Recently released estimates of India’s economic output show that people are not spending enough. The only reason this can be is because they do not have sufficient income, and their buying power is limited. On the other hand, prices of all essential commodities are increasing at a disturbingly high rate. This will further restrict spending. Industrial production has grown at snail’s pace, and with people not having enough to spend, demand will continue to be low and industrial output too will languish. Bank credit for large industries is growing very slowly. So, prospects of any check on raging unemployment continue to be bleak because there is unlikely to be a fresh investment that would create jobs.
It is an ominous situation – and the Narendra Modi government, which is celebrating eight years of ‘sushasan’ (good governance), appears to be indifferent to it. All of their neoliberal prescriptions have failed spectacularly – tax cuts to the corporate sector did not spur new investment, squeezing funds on welfare schemes did not encourage private capital to move in, and putting public sector units for sale has not received many takers and hence not much disinvestment funds, opening up various sectors to foreign direct investment has not led to any boost to the economy and employment. In fact, the government’s policies have led to a tanking economy and widespread distress for people, which is sought to be salved by free food grain distribution.
No buying power
The provisional estimates for Gross Domestic Product (GDP) for the fiscal year 2021-22 show that per capita Private Final Consumption Expenditure (PFCE) was Rs.61,215, down from Rs.61,594 two years ago, in 2019-20. During the pandemic year 2020-21, it had slipped to Rs. 57,279. PFCE represents spending by all non-governmental entities and hence includes all families besides business entities. Comparing it with two years ago is sensible because it shows that the spending has still not recovered to pre-pandemic levels.

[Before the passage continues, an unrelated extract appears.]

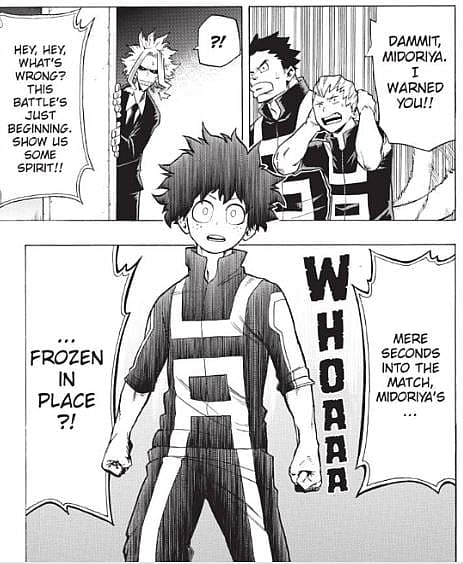 In the midst of the his battle against Shinso, Deku unsurprisingly falls under the effects of Brainwashing and is ordered by Shinso to simply disqualify himself by walking out of the arena’s boundaries.

What this means is that for a majority of the people of this country, there is no increase in their buying power. This is because either earnings have become very low or they are unemployed. High prices are further robbing them of their meager earnings. As a result, demand for products and services will remain low. PFCE makes up the most substantial part of the economy, making up 56.9% of GDP, the same as in 2019-20. Hence the whole economy can’t revive unless private consumption spending picks up.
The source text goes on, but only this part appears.